[DATA EXTRACTS]
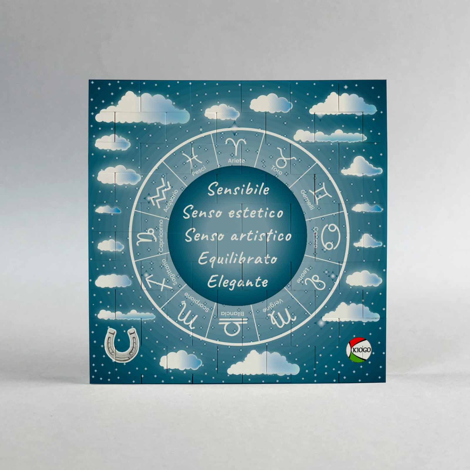 Lavorazione: Stampa fronte con segno zodiacale lucido al centro dello zodiaco e indicazione del segno, del periodo e dell’elemento. Stampa retro con caratteristiche al centro dello zodiaco e elemento.
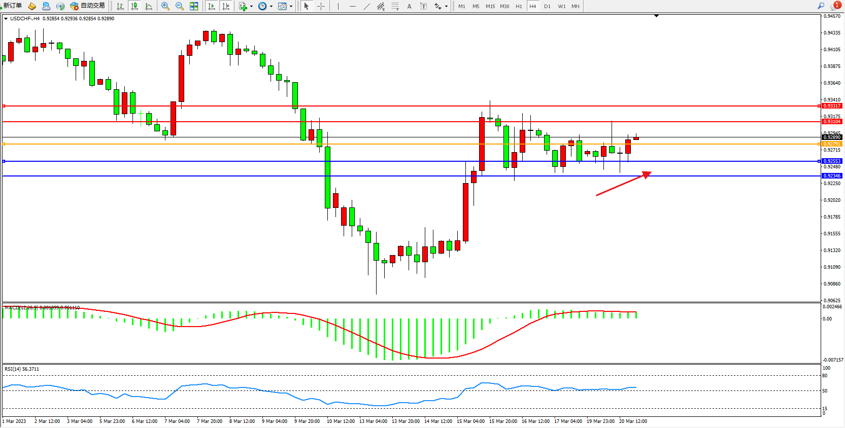 美元瑞郎USDCHF——4小时K线图显示:
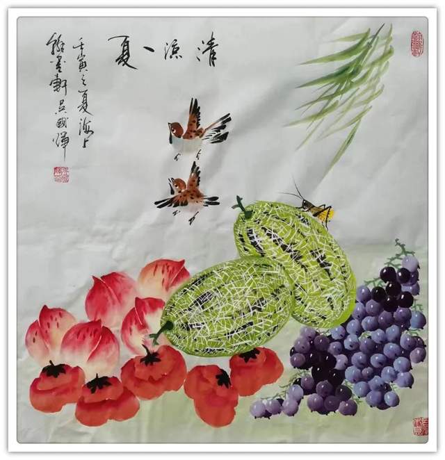 白石大师曾言,画花卉必须有虫鸟陪衬才更生动,纵览先生的花鸟之作,也正是如此,画中先生时常加入鸡禽鸟兽,以此来增添生动之意,而更令人拍案叫绝的,当属先生对牡丹枝干龙飞凤舞的穿插经营,同时这也是他人最难以模仿的地方,其作品无论是清秀荷花,还是春风紫藤,又或金秋瓜果,一一皆是巧用留白,画面简约而意远,整幅构图给人以强烈的精神感悟,处处见性情,更见意韵,众幅作品,花鸟虫禽,小景写真,虚与实,隐与显,动与静相互交织,协调如意,得心应手,暗自天成,画面的情景也因此得到了品质的升华!
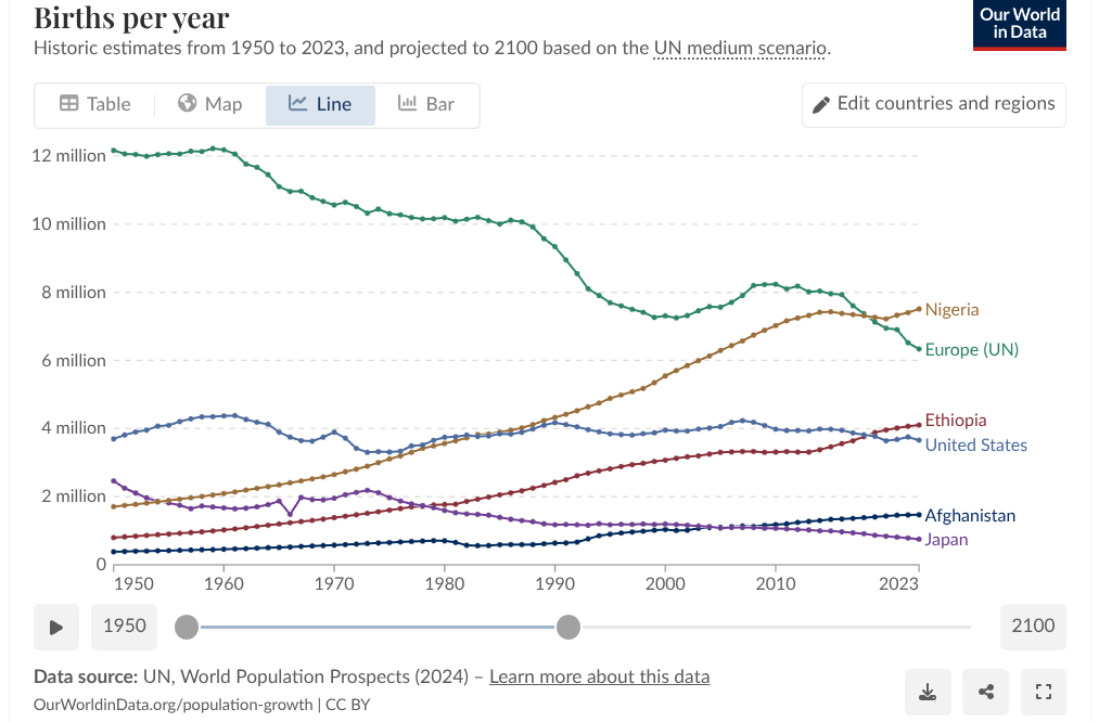 There are now more births per year in Nigeria than all of Europe; more in Ethiopia than the US; and more in Afghanistan than Japan.
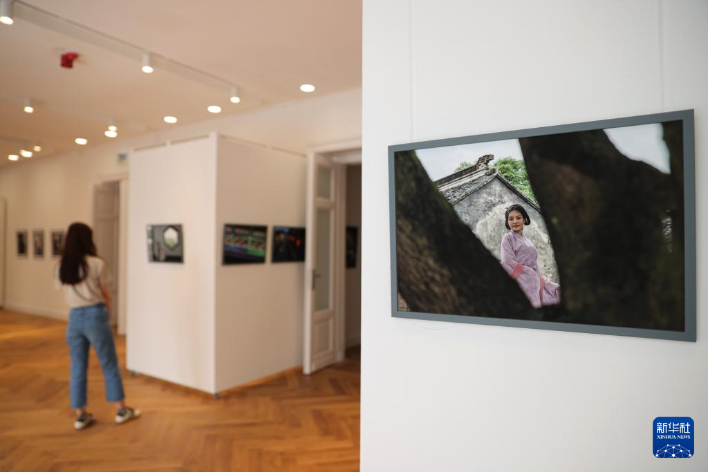 5月6日,一名女士在匈牙利布达佩斯中国文化中心参观摄影展。
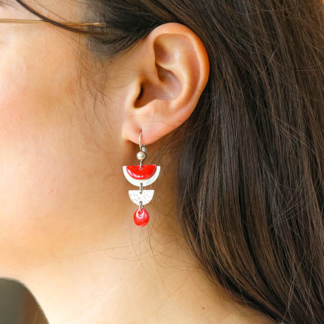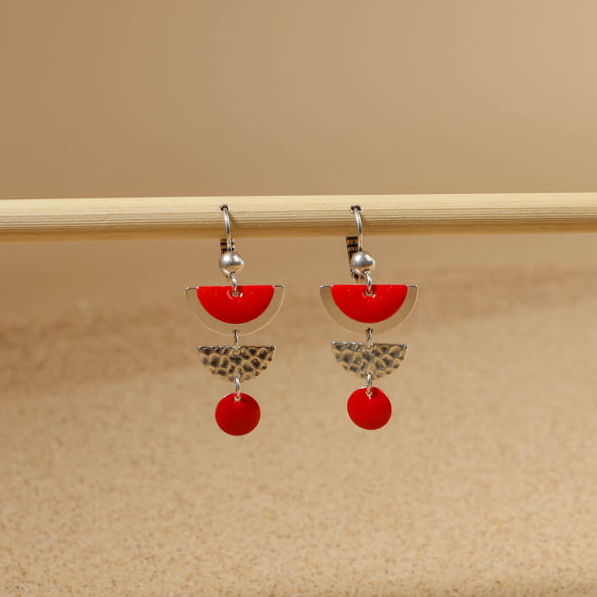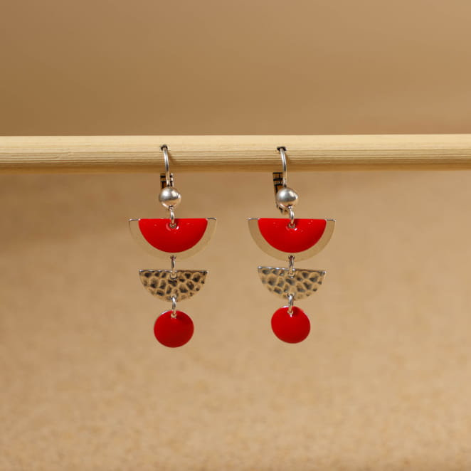 Les boucles d'oreilles Eve incarnent l'élégance contemporaine avec leurs pendentifs demi-disques en métal argenté et émail rouge vif. Légères et faciles à porter, elles captivent par leur raffinement. Ces bijoux polyvalents s'adaptent à tous les styles, répondant parfaitement aux désirs de chacun. Un accessoire qui allie à merveille la praticité et l'élégance pour sublimer toute tenue avec panache.
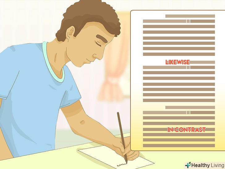 Використовуйте сполучні слова та речення. щоб есе було легко читати, використовуйте слова і фрази, які будуть пов'язувати частини тексту в одне ціле. Починайте абзаци зі слів" в той же час "або" на відміну від...".[13]- Допоміжні слова роблять текст більш логічним. Наприклад, фраза "незважаючи на численні переваги, у цього закладу багато мінусів, які не дозволяють йому стати кращим кафе в місті", дасть читачеві зрозуміти, як цей абзац пов'язаний з попереднім.

[REQUIRED WORK]
All records should be output exactly, with the pictures left out.

[EXERCISE SOLUTION]
 Lavorazione: Stampa fronte con segno zodiacale lucido al centro dello zodiaco e indicazione del segno, del periodo e dell’elemento. Stampa retro con caratteristiche al centro dello zodiaco e elemento.
 美元瑞郎USDCHF——4小时K线图显示:
 白石大师曾言,画花卉必须有虫鸟陪衬才更生动,纵览先生的花鸟之作,也正是如此,画中先生时常加入鸡禽鸟兽,以此来增添生动之意,而更令人拍案叫绝的,当属先生对牡丹枝干龙飞凤舞的穿插经营,同时这也是他人最难以模仿的地方,其作品无论是清秀荷花,还是春风紫藤,又或金秋瓜果,一一皆是巧用留白,画面简约而意远,整幅构图给人以强烈的精神感悟,处处见性情,更见意韵,众幅作品,花鸟虫禽,小景写真,虚与实,隐与显,动与静相互交织,协调如意,得心应手,暗自天成,画面的情景也因此得到了品质的升华!
 There are now more births per year in Nigeria than all of Europe; more in Ethiopia than the US; and more in Afghanistan than Japan.
 5月6日,一名女士在匈牙利布达佩斯中国文化中心参观摄影展。
 Les boucles d'oreilles Eve incarnent l'élégance contemporaine avec leurs pendentifs demi-disques en métal argenté et émail rouge vif. Légères et faciles à porter, elles captivent par leur raffinement. Ces bijoux polyvalents s'adaptent à tous les styles, répondant parfaitement aux désirs de chacun. Un accessoire qui allie à merveille la praticité et l'élégance pour sublimer toute tenue avec panache.
 Використовуйте сполучні слова та речення. щоб есе було легко читати, використовуйте слова і фрази, які будуть пов'язувати частини тексту в одне ціле. Починайте абзаци зі слів" в той же час "або" на відміну від...".[13]- Допоміжні слова роблять текст більш логічним. Наприклад, фраза "незважаючи на численні переваги, у цього закладу багато мінусів, які не дозволяють йому стати кращим кафе в місті", дасть читачеві зрозуміти, як цей абзац пов'язаний з попереднім.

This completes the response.